___ Records for this task
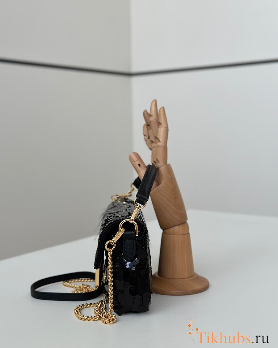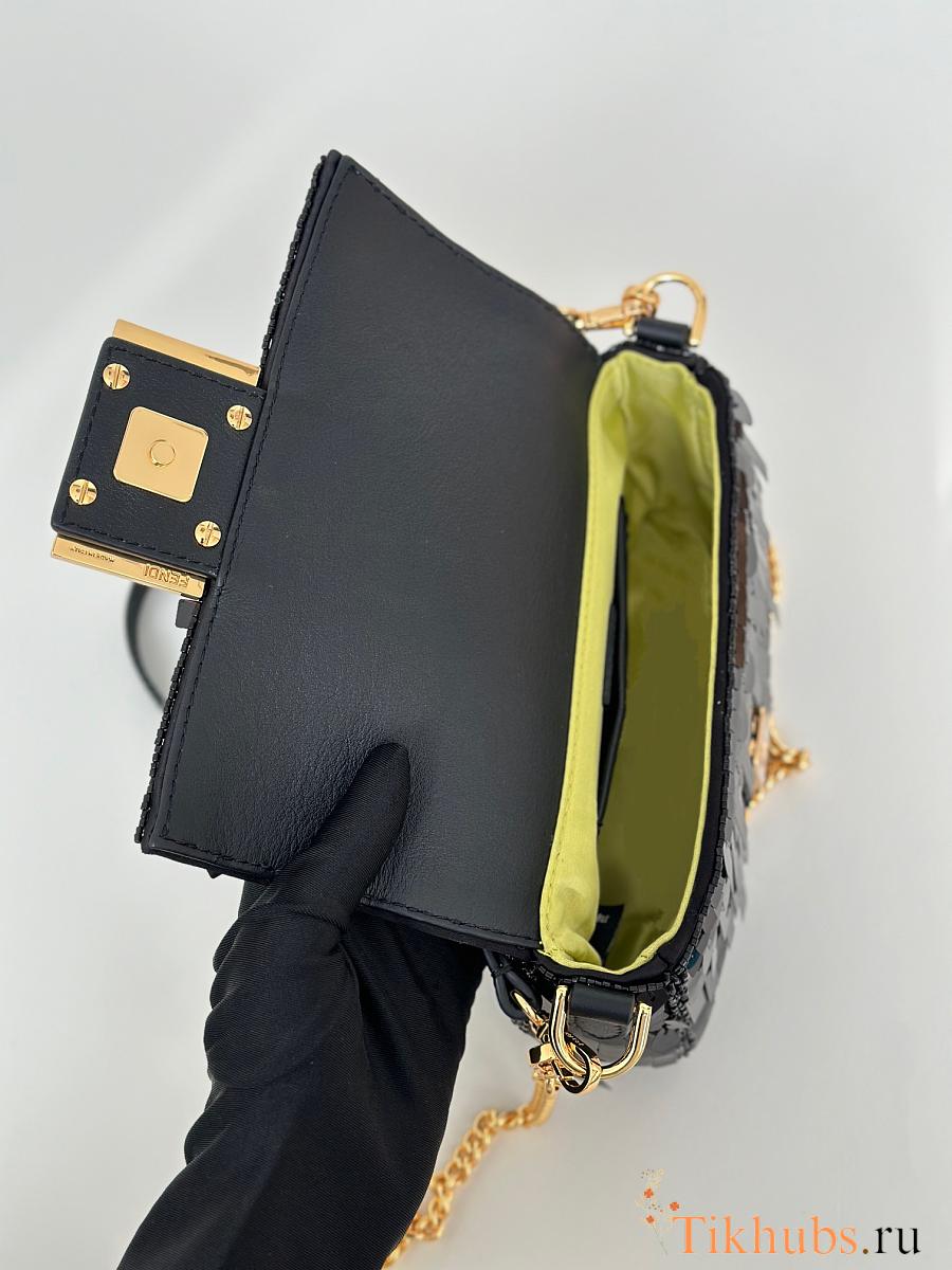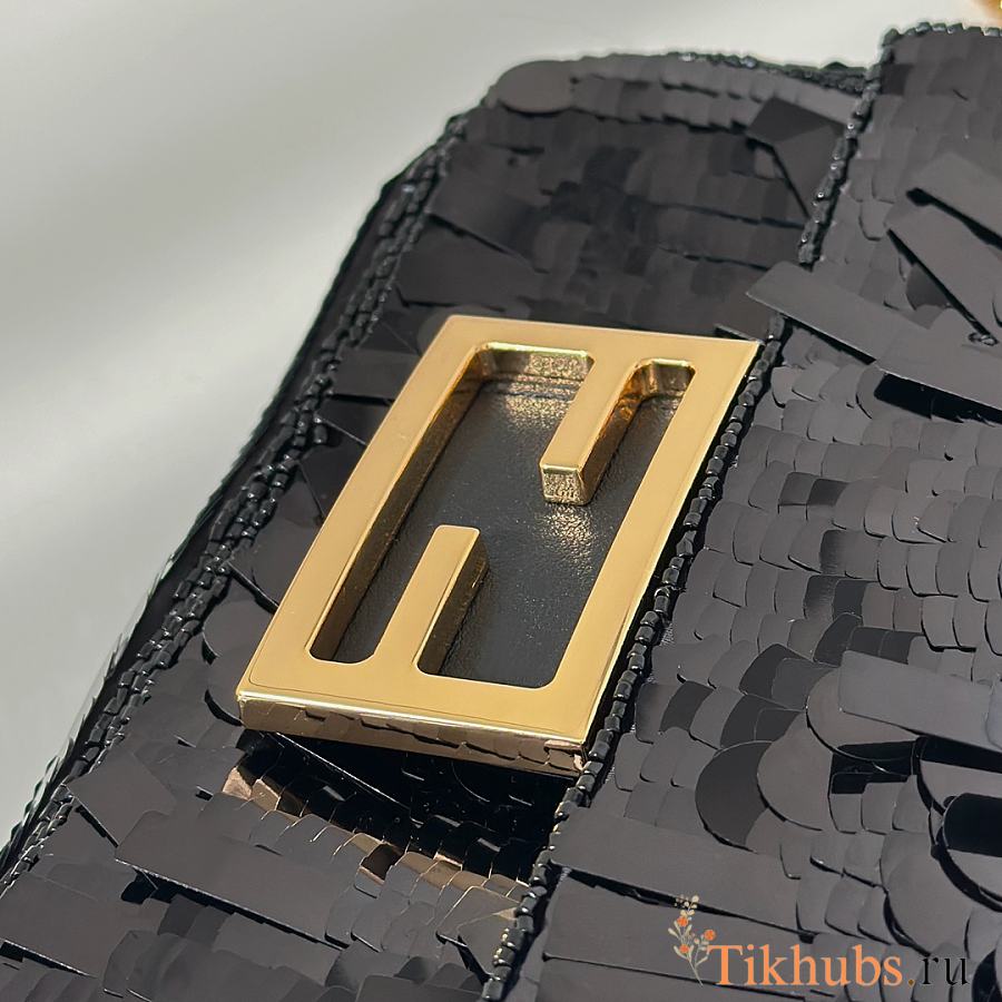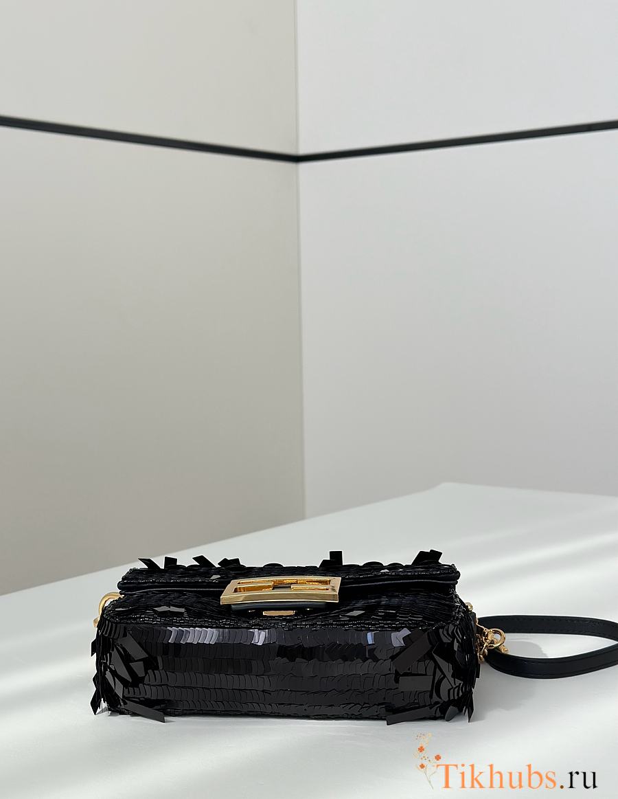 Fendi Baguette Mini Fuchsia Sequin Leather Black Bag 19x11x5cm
______
___ Records for this task
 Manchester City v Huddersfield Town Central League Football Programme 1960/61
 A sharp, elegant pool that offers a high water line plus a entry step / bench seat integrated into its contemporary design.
______
___ Records for this task
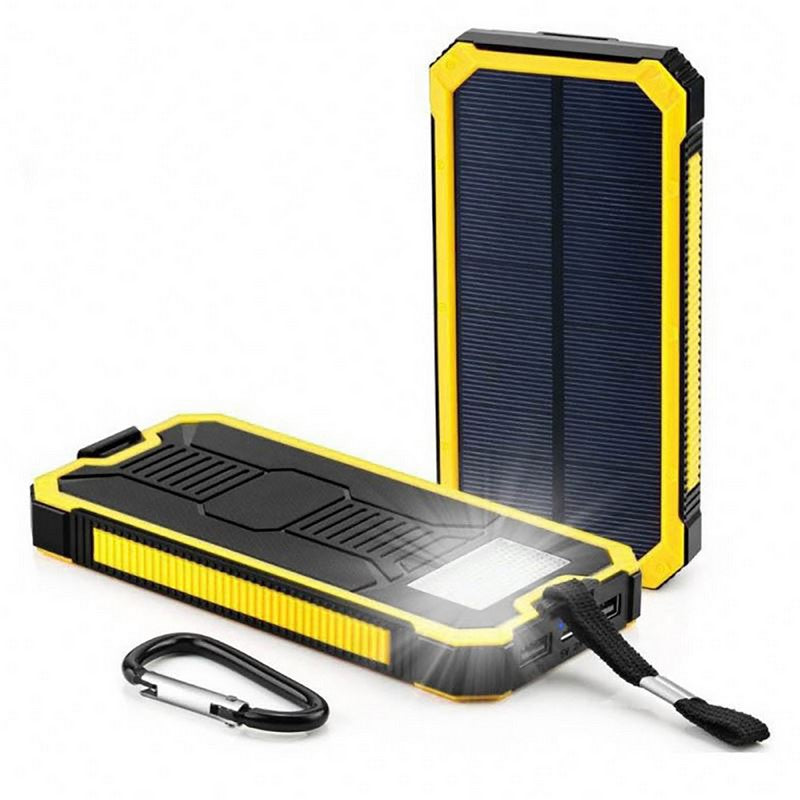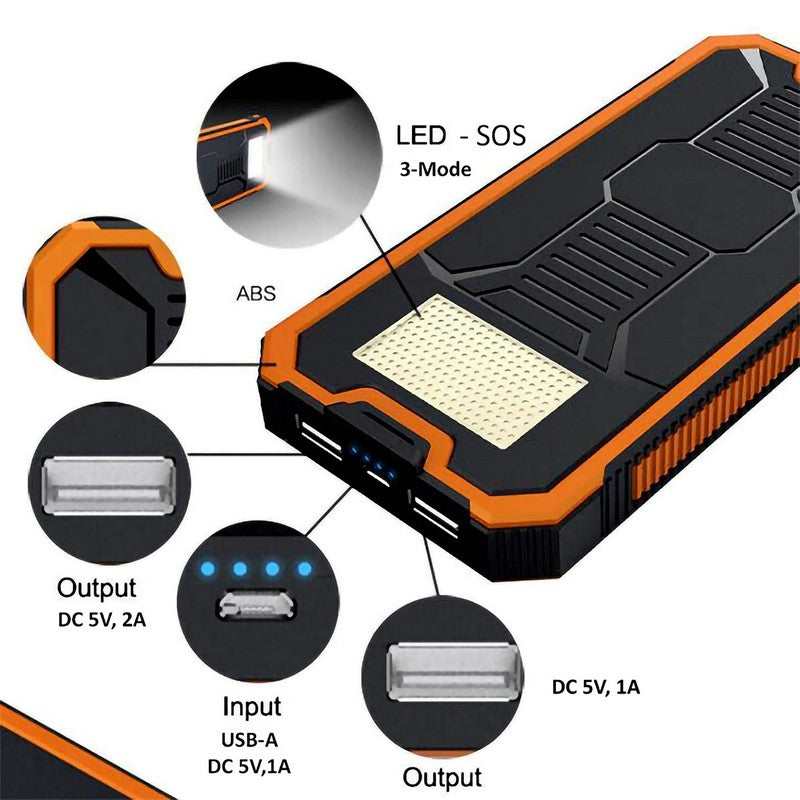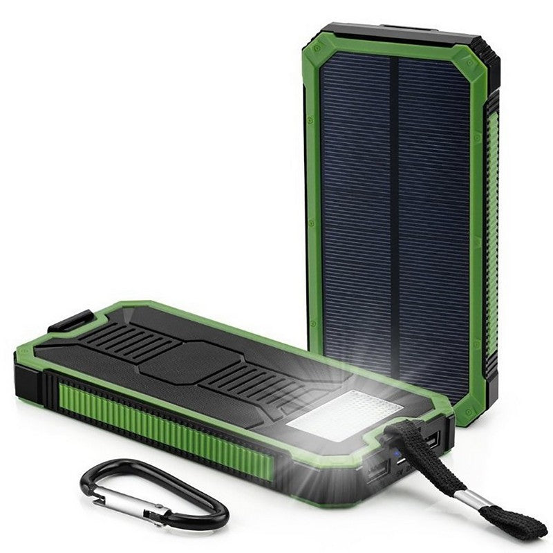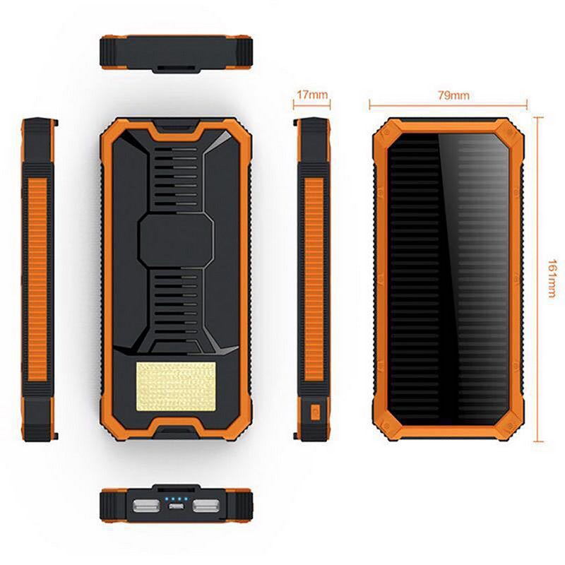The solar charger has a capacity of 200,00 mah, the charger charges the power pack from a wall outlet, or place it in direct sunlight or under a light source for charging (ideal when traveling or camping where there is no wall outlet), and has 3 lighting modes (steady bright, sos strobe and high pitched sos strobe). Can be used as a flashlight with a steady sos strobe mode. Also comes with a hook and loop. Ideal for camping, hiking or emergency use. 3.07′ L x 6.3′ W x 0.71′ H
______
Problem to solve:
Beginning at the line with "Manchester City v" and ending at the line with "A sharp, elegant", reproduce each line of the data above exactly, and add no other lines.

Reply to the task:
 Manchester City v Huddersfield Town Central League Football Programme 1960/61
 A sharp, elegant pool that offers a high water line plus a entry step / bench seat integrated into its contemporary design.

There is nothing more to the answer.